I did it. I survived her third birthday. Our baby is three. As with so many other big dates, it is the night before that is the most painful. I don’t know if this is common to all grievers or just my experience. The night before is the processing of how much I miss him. The day of the event is usually full of grace and peace and even gratefulness for the life I am living.
This precious snuggle time Sunday morning was only possible because people have been helping me. We got home from Amsterdam late Tuesday and I started working hard certifying pro-life candidates Wednesday morning.
Thursday, Zoya spent the night with her aunt, so I could have important widow friends advice time.
Saturday, a friend came and hung out while we drank Moscow Mules, cleaned my house, and finished unpacking.
Sunday, my sister, mom, dad, and all the little brothers came two hours early to help the final party set- up.
So Sunday morning, we did what I wish could always be the priority. We played with her toys, video chatted with Shah’s parents, and cuddled while she processed turning three.

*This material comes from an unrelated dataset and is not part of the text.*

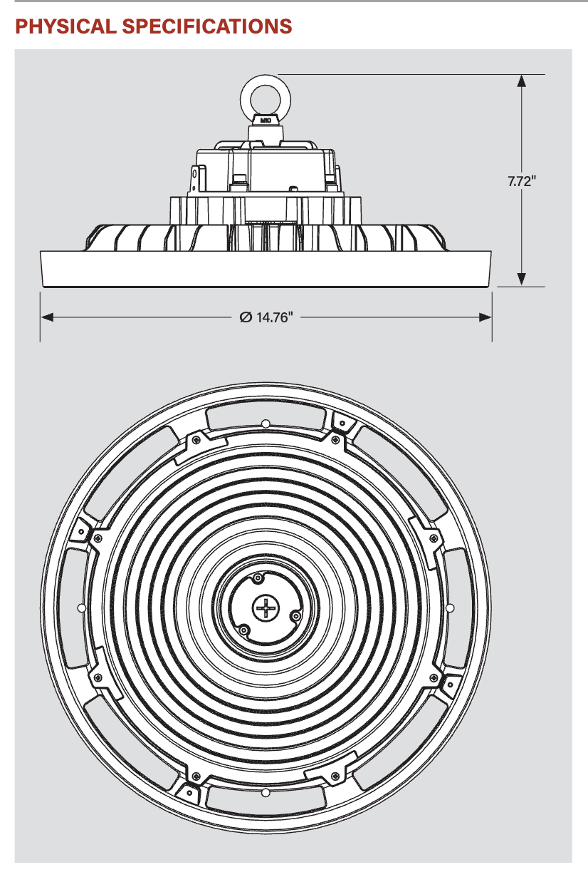 - LED lifetime: L70 >100,000 hours @ 25°C fixture ambient
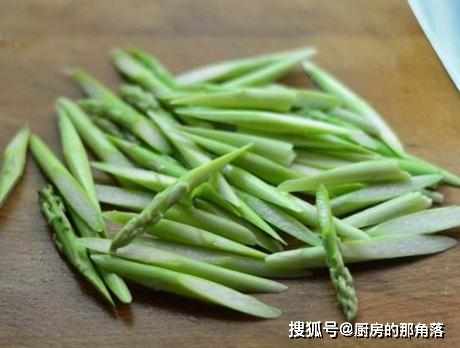 3、蘆筍可以事先下鍋焯下水,記得加上點食鹽,保留其翠綠的色澤,當然了如果覺得焯水麻煩的,便可按照這個方法做,將蘆筍下鍋炒的時候加上點涼白開,效果也是很不錯。

I would hate to have rushed and missed that time. It was during this time that she told me she was sorry I no longer had a two and a half year old, which is something I have never said to her, even remotely. It is her own mind that is coming up with these thoughts. I responded that I was happy to have a three year old and then she responded that she was happy to have a forty year old. I’m glad we are all so accepting around here.
During her party, she told her Aunt that this wasn’t even a dream, it was her real party.
She is a joy. She is a highly emotional three year old, who often ignores what she is told, and is sometimes quite mean; but she is a precious joy and I lead a blessed life.